We Were Ill-equipped, Demotivated–Badeh

The immediate past chief of defence staff (CDS), Air Marshal Alex Badeh, yesterday disclosed that the military under his watch was ill-equipped and lacked motivation to tame Boko Haram.
The former CDS made this disclosure in Abuja at the pulling out ceremony organised in his honour as he bade farewell to the military after 38 years of service.

At the height of the insurgency, Boko Haram attacked his hometown and his house while he was the nation’s defence chief.
Badeh also used the occasion to accuse a section of the media, the political class and some foreign interests of working against the military.

He said: “Notwithstanding the modest successes we recorded in the fight against terror, I must say that the task of coordinating the military and other security agencies in the fight against insurgents is perhaps the most complex and challenging assignment I have had in over 38 years in service.

 For the first time, I was head of a military that lacked the relevant equipment and motivation to fight an enemy that was invisible and embedded in the local populace.
“Added to this was the exploitation of a serious national security issue by a section of the press and the political class to gain political mileage.

“Furthermore, the activities of fifth columnists in the military and other sensitive military information, leaked to the terrorists, combined to make the fight against the insurgents particularly difficult.
“The activities of these unpatriotic members of the military not only blunted the effectiveness of the fight, but also led to the needless deaths of numerous officers and men who unwittingly fell into ambushes prepared by terrorists who had advance warnings of the approach of such troops.
“The decision by certain countries to deny us weapons to prosecute the war also added to the challenges we faced.”
Speaking further, Badeh said despite the challenges the military faced under his watch, it recorded achievements under his watch.
“I am glad to note that a lot was achieved during our time in the fight against terror. The achievements recorded are largely due to the commitment, patriotism, and the fighting spirit of the gallant officers of men and women in uniform who saw the fight against terror as a task that must be accomplished, no matter the odds and in spite of the campaign of calumny against the military by a section of the media with their foreign collaborators.”
Former CDS also acknowledged the support received from the populace.

“Our true friends who stood by us in our time of need and provided us the weapons we are now using to conduct the operations will always have a special place in our hearts.
“I must also mention the support and co-operation we have continued to enjoy from our neighbouring countries, which have enabled us to present a united front against a common enemy,” he said.
“The great support we have continued to receive and the determination of our patriotic troops to defeat this enemy of our nation have helped us to remain focused, but to also embark on other projects for the armed forces.”
He reminded his audience that no nation could achieve its full security potential by totally depending on other nations for its needs, noting that the lessons of the civil war and the ongoing war against terror, where certain countries frustrated the attempts to procure much need weapons, are very instructive.
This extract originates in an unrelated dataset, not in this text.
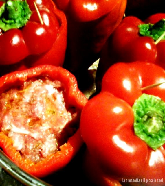Farciamo con il composto i peperoni, inizialmente senza riempirli troppo per assicurarci che la quantità sia sufficiente, solo dopo averli riempiti tutti suddividiamo tra i peperoni quello avanzato. Chiudiamo ogni peperone con la sua calotta fermandola con degli stecchini, è importante che i peperoni rimangano dritti, cioè con la calotta rivolta verso l'alto, durante la cottura quindi dovrete trovare una pentola delle giuste dimensioni e solo dopo averli sistemati bene versiamo sul fondo della pentola l'olio, aggiungiamo 1 bicchiere d'acqua ed un pizzico di sale.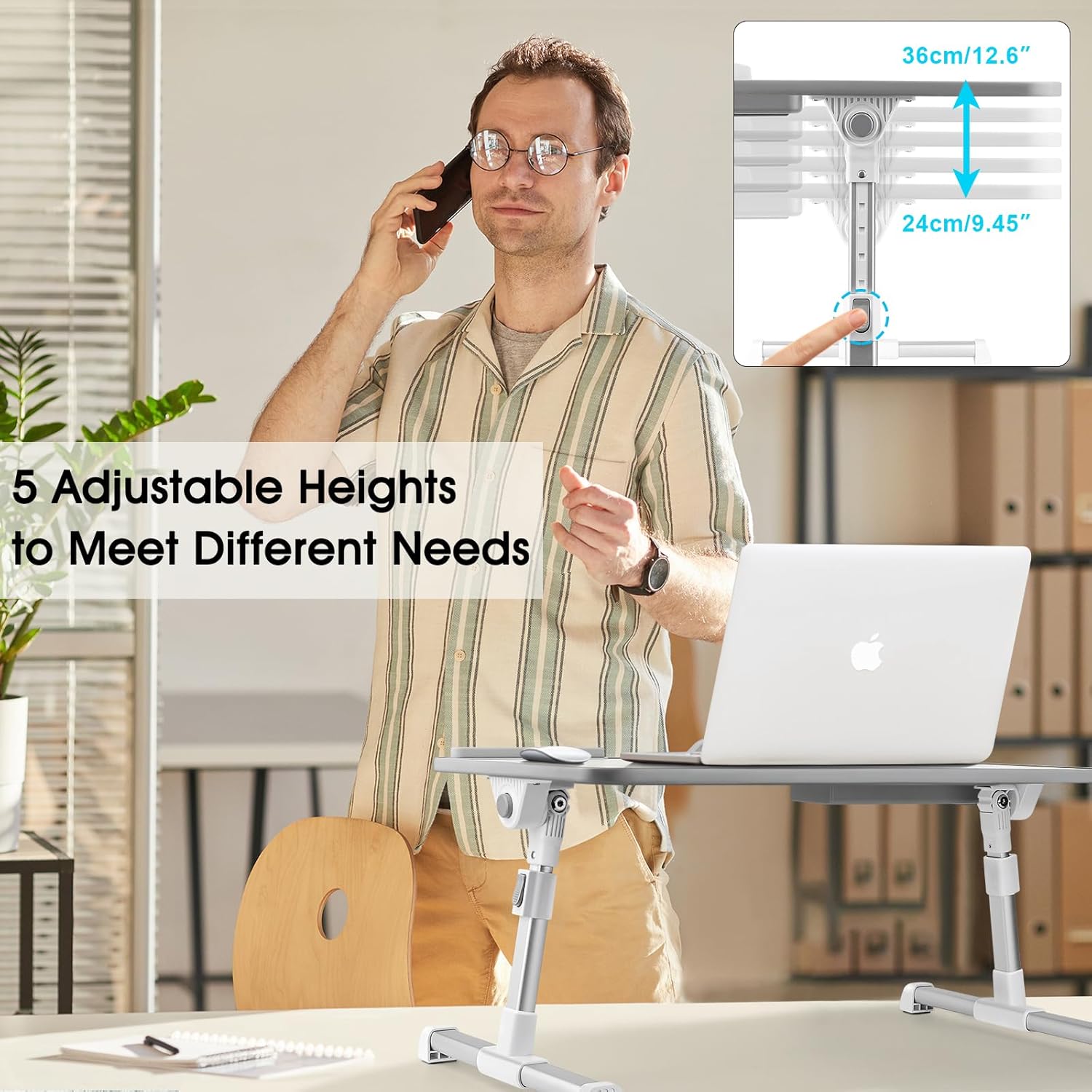 - 【Höhenverstellbar】Die Laptoptisch mit anhebbaren Tischbeinen aus Aluminiumlegierung, die auf eine Höhe von 5 Stufen (24-26-28-30-32cm) mit einem federbelasteten Druckknopf an jedem Bein eingestellt werden können. Sie müssen nur den die

“I appeal to the relevant agencies of the government to mobilise the huge human and material resources we have in this country towards the development of a vibrant Defence Industrial Complex that would contribute to meeting our critical arms and equipment needs. This is crucial if we must reduce our total dependence on foreign sources of supply for critically needed arms.

“It is important for the government to decide the kind of military force it needs, by carrying out a comprehensive review of the nation’s military structure to determine the size, capability and equipment holding required to effectively defend the nation and provide needed security,” Badeh noted.

The outgone defence chief pointed out that the huge cost that would be required to rebuild the Boko Haram-devastated North East and other trouble spots in the country would have been saved had the military been adequately funded over the years by previous administrations.

He noted that, over the years, the military was neglected and under-equipped to ensure the survival of certain regimes, while other regimes, based on advice from some foreign nations, deliberately reduced the size of the military and underfunded it.
Badeh expressed regret that past leaders accepted unpatriotic recommendations without appreciating the peculiarities of a third world military, which did not have the technological advantage that could serve as force multipliers and compensate for reduced strength.

He disclosed further that when faced with the crisis in the North East and other parts of the country, the military was overstretched, and had to embark on emergency recruitment and training.

It will be recalled that Borno State governor Kashim Shettima had raised the alarm  that Nigerian military was ill-equipped and lacked motivation to confront the Boko Haram terrorists.